Buy Any Dips in Nike Shares, Chart Watcher Says Ahead of Earnings

Lucy Nicholson | Reuters

Nike shares hit a record high Friday before reversing lower.

The stock was on watch ahead of Nike's earnings report after the bell Friday, unusual timing for the company.

Whether the company beats or misses expectations, Piper Sandler chief market technician Craig Johnson says, any weakness presents a buying opportunity for investors.

"We continue to think that this is a stock that's got more room to run. And as you look at the chart, you're still making a nice series of higher highs, higher lows. The recent price action has pulled back, retested the uptrend support line and also the 50-day moving average as it continues to push ahead and make new highs," Johnson told CNBC's "Trading Nation" on Friday.

"If there's any sort of shorter-term pullbacks they're probably going to be fairly well contained. We see downside supportive at maybe $130 and then $120 as areas to focus on, but we think that those pullbacks should be bought. This is a stock that we have owned since March of 2018 in our model portfolio, and we would be buying any dips," said Johnson.
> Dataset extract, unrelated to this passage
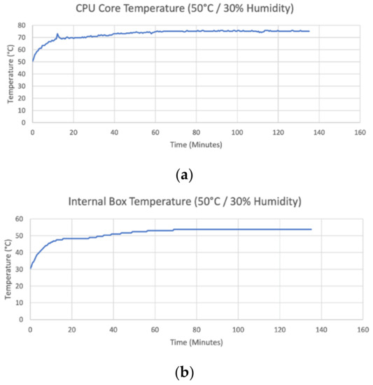 Experiment 3 results from environmental chamber testing of the camera trap. (a) CPU temperature with environmental chamber at 50 °C and 30% humidity. (b) Internal box temperature with environmental chamber at 50 °C and 30% humidity.

Shares traded just below $139 on Friday afternoon.

Gina Sanchez, CEO of Chantico Global and chief market strategist at Lido Advisors, says Nike's investment in building out its e-commerce infrastructure was a wise move.

"This is obviously one of the most valuable brands in the world," Sanchez said during the same "Trading Nation" segment. "That brand is surviving and thriving even in this pandemic, and the investments that they made into e-commerce going into the pandemic really paid off."

Nike reported an 82% increase in digital sales in its fiscal first quarter ended August, and the company expects e-commerce revenue to make up at least half of its total in coming years.

The company is expected to post a 10% earnings decline for its fiscal second quarter, according to FactSet. Total sales are forecast to have risen 2%.

Disclosure: Lido Advisors holds shares in Nike.